Norwex unveils first-ever rebrand as eco pioneer evolves from cleaning cloths to premium personal care

The Norwegian, family-owned brand has revealed its first full rebrand in more than 30 years, working with London consultancy The Workroom to breathe new life into its Nordic heritage and purpose-led foundations.

Norwex is a direct-selling company best known for its chemical-free cleaning cloths, but it had ambitions to expand beyond home care into personal care and skincare, all while sharpening its sustainability credentials. So, naturally, the family-owned business underwent its first full rebrand in its 30-year history, led by London-based consultancy The Workroom, to prepare for this significant shift in direction.

Founded on the success of its pioneering Envirocloth, Norwex built a global following by promising effective cleaning with nothing more than cloth and water. At the time, eliminating chemicals and paper waste from everyday cleaning was genuinely radical. Three decades on, however, the market has caught up. As the brand’s product range grew to more than 300 SKUs across home, family and personal care, its visual identity and messaging began to fragment.

What started as a packaging refresh quickly became something much bigger. The Workroom was brought in to help Norwex clarify its positioning, strengthen trust across its consultant network and evolve the brand without losing the values that made it successful in the first place.

Norwex’s products are sold primarily through a vast network of independent consultants, many of them full-time mothers working from home across North America and Canada. Empowering this community was central to the brief, and so Workroom needed to deliver an identity that felt premium and contemporary, but still warm and human.

Brigid McMullen, founder of The Workroom, explains: “Norwex already had a rock-solid belief system. Our job was to help express it more concisely, distinctively and memorably – not only in words, but in how it would be experienced and felt across every product and platform.”

To achieve that clarity, the consultancy led an extensive, inclusive process of workshops, focus groups, and consumer research. The conclusion was that Norwex did not need to reinvent its mission; it needed to articulate it better. The brand had always seen itself more as a campaigning movement than a business selling a product, since everything it does is about sharing healthier ways of living.

This thinking led to a strategic shift in language and tone. Norwex’s former mission statement, which focused on “radically reducing chemicals”, was powerful but polarising. The updated mission reframes that ambition more openly as “sharing a cleaner, safer way of living by reducing harmful chemicals in everyday lives.” From this came a new strapline, “Live cleaner, safer, better”, designed to stretch the brand beyond cleaning and into broader lifestyle and personal care categories.

Norwex CEO Beate Hjeltnes sees the change as much more than a cosmetic update. “The rebrand signals to our consultants, consumers and team that we are making a fundamental change in how we elevate and grow our business,” she says.

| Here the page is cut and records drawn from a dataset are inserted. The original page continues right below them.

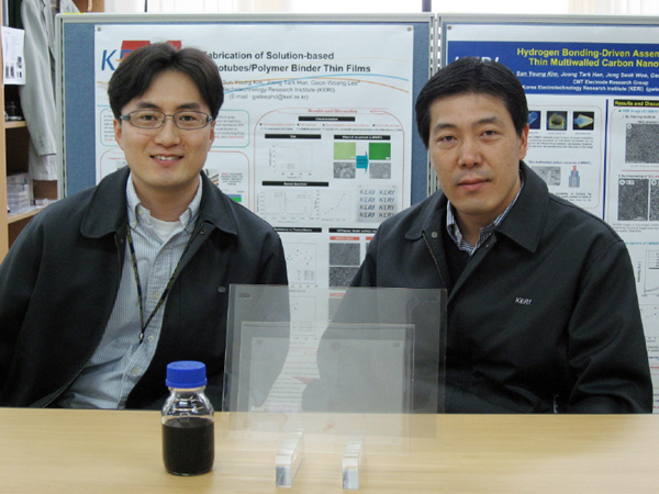 한국전기연구원(원장 박동욱 www.keri.re.kr) 이건웅 박사팀은 최근 자체 기본연구사업을 통해 초박막 제조가 가능하고 공정단가를 획기적으로 낮출 수 있는 탄소나노튜브 투명전극 제조용 일액형(一液形) 코팅액을 세계최초로 개발했다고 밝혔다.
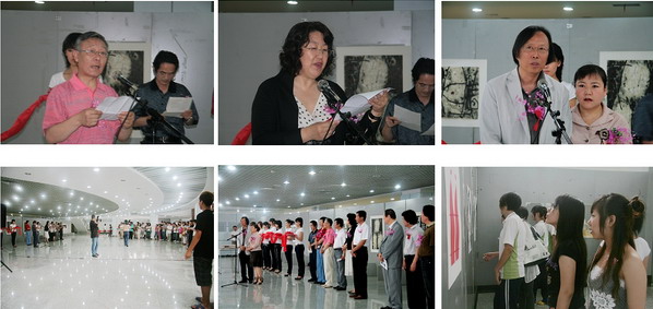 庄树谦、曹志博、洪在衍、张琪德、侯希君、孙相根等为洪在衍教授石版画展剪彩。
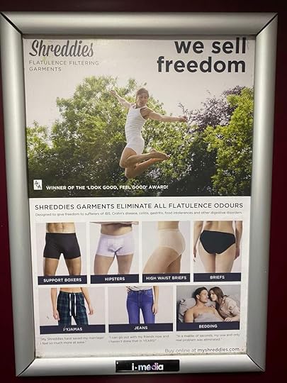 And I have SO many questions about the FART PANTS!! Do they have these in any other country?! Is it something particular to the British diet that flatulence is such an issue that they needed to invent wearable filters for every occasion?! Do they work?! Why have I never seen this in the WOMEN’S bathroom?! And why, in the name of all that is holy, are they called SHREDDIES??!! Are men buying these for their wives and vice versa?:
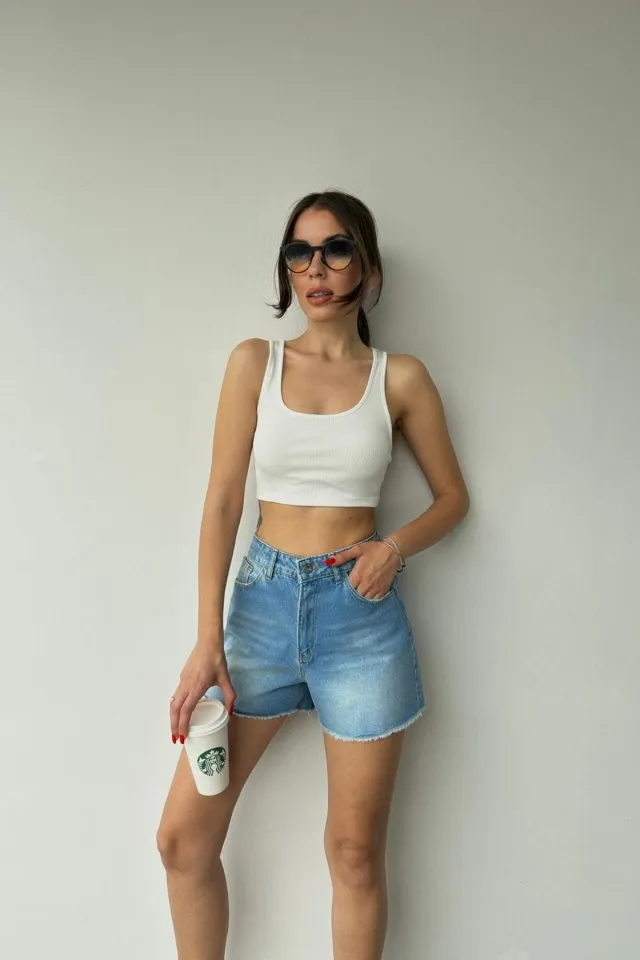 شورت جينز بجيب مزدوج عملي، مثالي لإطلالة صيفية كاجوال متعددة الاستخدامات.
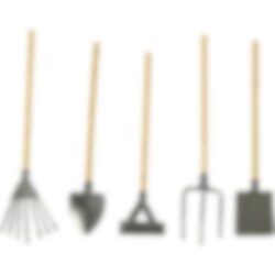 5 puutarhatyökalua, jotka voit lahjoittaa tontulle, jotta hän voi tehdä puutarhasta kauniin joulua varten. Työkalut ovat kooltaan noin 11 cm.
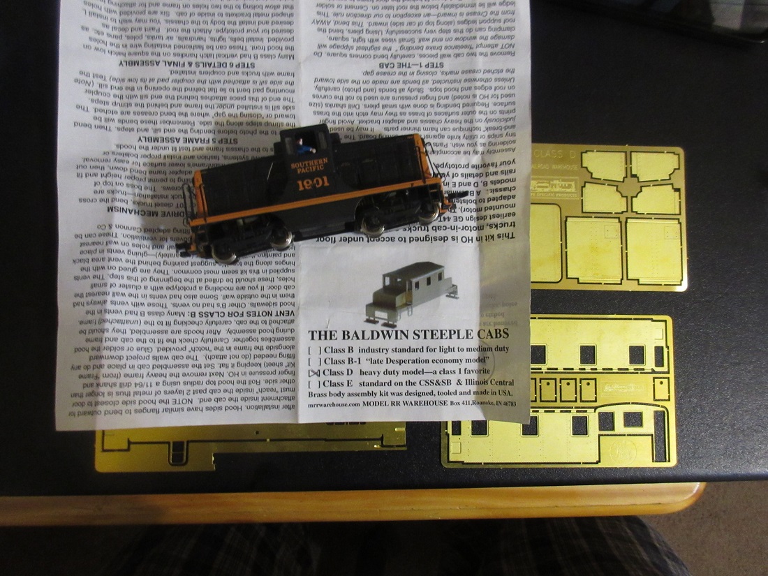 * The steeple cab is starting to look good. I spent the last 20 minutes looking for photos of the one my son made and can't find them. I still have the same project in a box waiting for me to build it. It is a cannon ball kit. I gathered the main thing necessary for it. The Bachmann GE 44 T drive is suggested as the loaner drive for it. * This goes right there with other projects waiting to be done.

A major part of that elevation involved reconnecting the brand with its Norwegian roots – and no, we don’t mean clichéd minimalism. The Workroom explored what Nordic design really means in practice and, in response, created an identity grounded in balance, functionality and restraint. The team describes it as ‘the art of just enough’, characterised by muted, nature-derived colours and a warm, modern typeface.

The new logo takes inspiration from the organic curves of a leaf, with the wordmark subtly referencing nature, growth and renewal. An intentionally ambiguous icon – variously read as a leaf, a bird or a doorway – is the foundation of a flexible illustration and icon system inspired by Nordic flora and fauna.

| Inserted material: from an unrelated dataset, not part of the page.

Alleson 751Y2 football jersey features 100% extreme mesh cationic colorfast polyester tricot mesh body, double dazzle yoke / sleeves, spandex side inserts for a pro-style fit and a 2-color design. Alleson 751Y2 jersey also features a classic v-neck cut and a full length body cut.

This visual language allowed Norwex to radically simplify its brand architecture. What had previously been a complex, overlapping portfolio is now organised into three clear pillars: Home Care, Family Care and Personal Care. The structure makes it easier for consultants to navigate and explain the range, while supporting future category expansion.

Defining “premium” was another key challenge. Research revealed it was less about luxury and more about consistency, care and longevity, with that thinking informing everything from packaging materials to tone of voice. As Brigid notes, “The slogan enables you to stretch the brand beyond just cleaning… right across those very different categories from family through to personal care.”

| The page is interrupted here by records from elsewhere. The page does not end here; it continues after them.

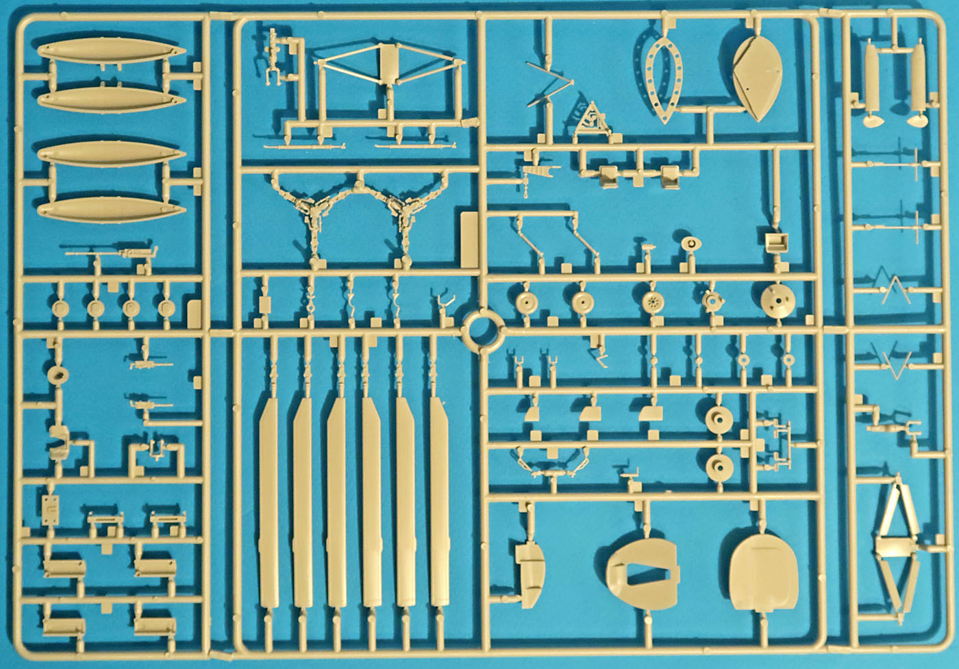 Втулки винтов весьма деталированы. Колесики простенькие, стойки шасси ажурные. Лопасти отлиты с выраженным провисом, баки с могучими стяжками.
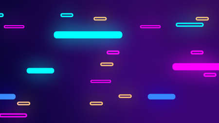 3D rendering of glowing multi-colored stripes in space located at different distances from each other. Bright backdrop for unusual demonstrations and presentations
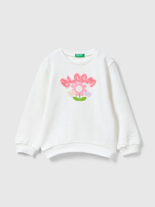 Benetton dukserica dugih rukava za devojčicu sa okruglim izrezom od čistog pamuka sa laganim osećajem. Regularnog kroja, štampa obogaćena posebnom aplikacijom u izgledu latica. Ženstveno i zabavno.
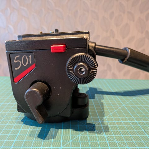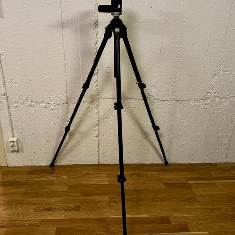 En Monopod i bra skick. En av gummifötterna har blivit utbytt och det följer med två stycken till om du behöver byta ut någon i framtiden. Armen till videohuvudet finns inte men jag har själv inte saknat denna. Det går lätt att byta till ett annat stativhuvud om man vill. Minsta höjd är 77cm och högsta höjd är 2m.
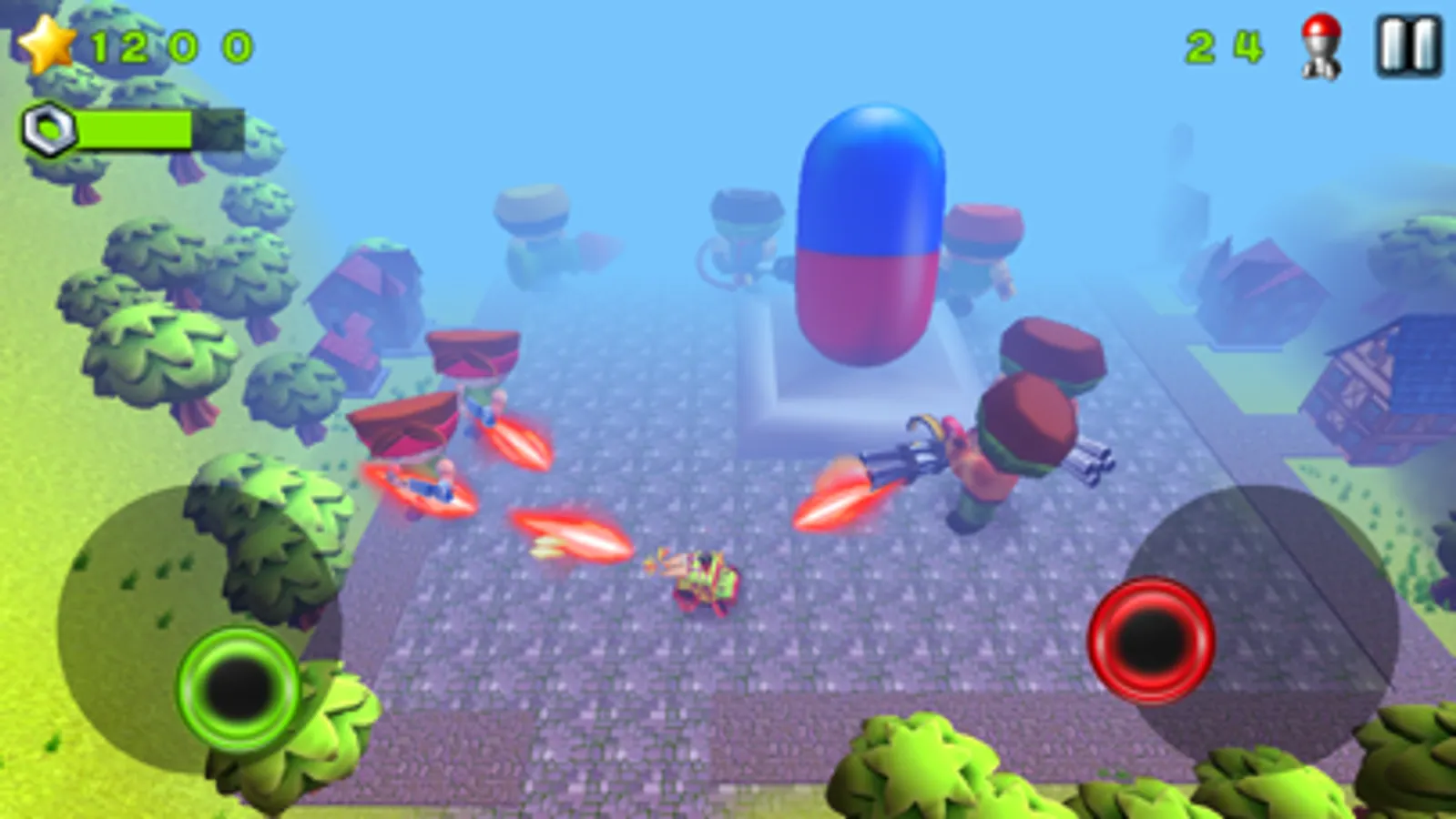 Toon War is a twin stick shooter game with colorful and vivid graphics. Your mission is to liberate peaceful villages from evil forces, eliminate enemies and win over dangerous bosses
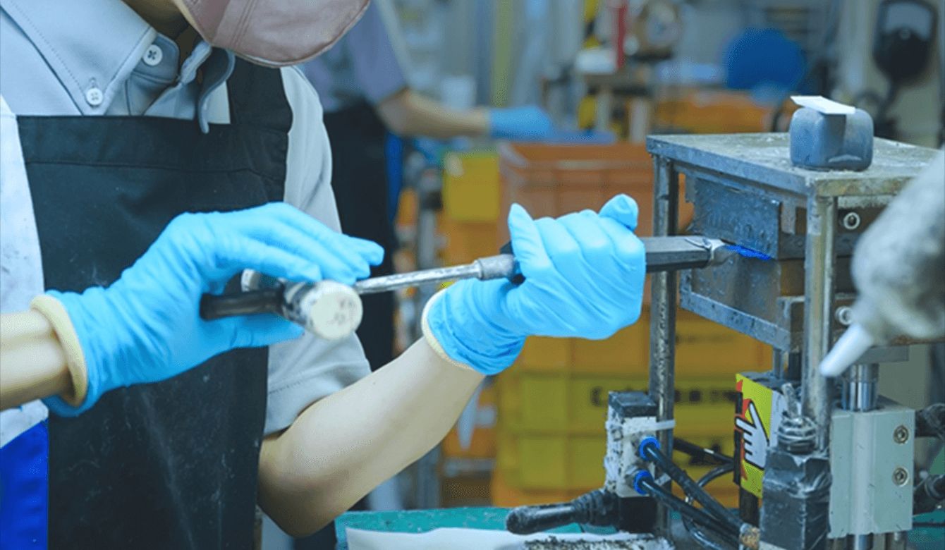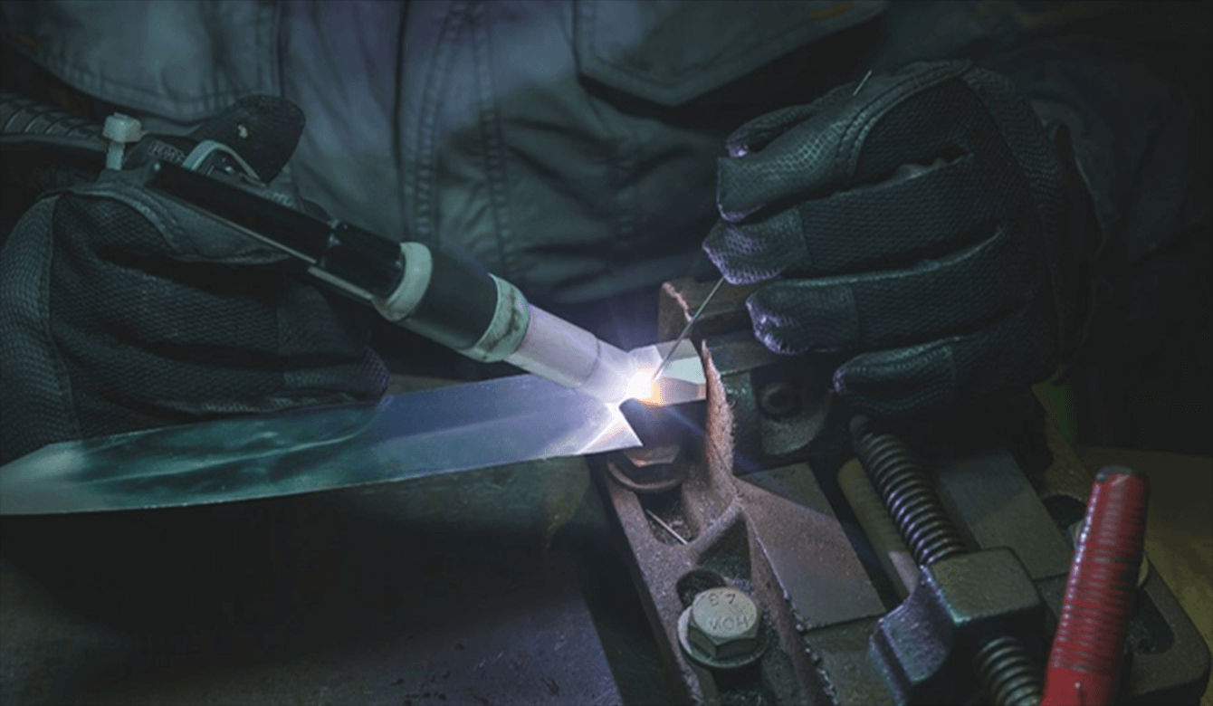 - 刃体に口金を溶接していく。口金とは包丁の持ち手部分に付いているもので、包丁本体とハンドルの結合部分を強化するための部品だ。刃体と口金を溶接して固着させることで柄の中に水が入り難くなり、柄の耐久性が増すことになる。

Sometimes with identity projects, you have to wait a while to see the ROI, but here the results were fast and tangible. Within six months, Norwex launched its transformed identity alongside its first-ever skincare range, a move that would have been unthinkable at such speed just a few years earlier.

Engagement followed, and social media impressions rose by more than 50%, comments increased by 29%, and average time spent on the website jumped from 25 seconds to nearly 4 minutes. Internally, consultants reported renewed pride and confidence in how they present the brand.

For a company that bans more than 2,500 substances from its products and operates in a direct-selling sector forecast to grow by around 6% annually, the rebrand demonstrates how heritage businesses can evolve without losing credibility. The new identity successfully connects product, place and people, proving that sustainability, premium design and commercial momentum do not have to be at odds.

As the brand’s new mantra puts it, this is about more than what you buy. It is about how you live.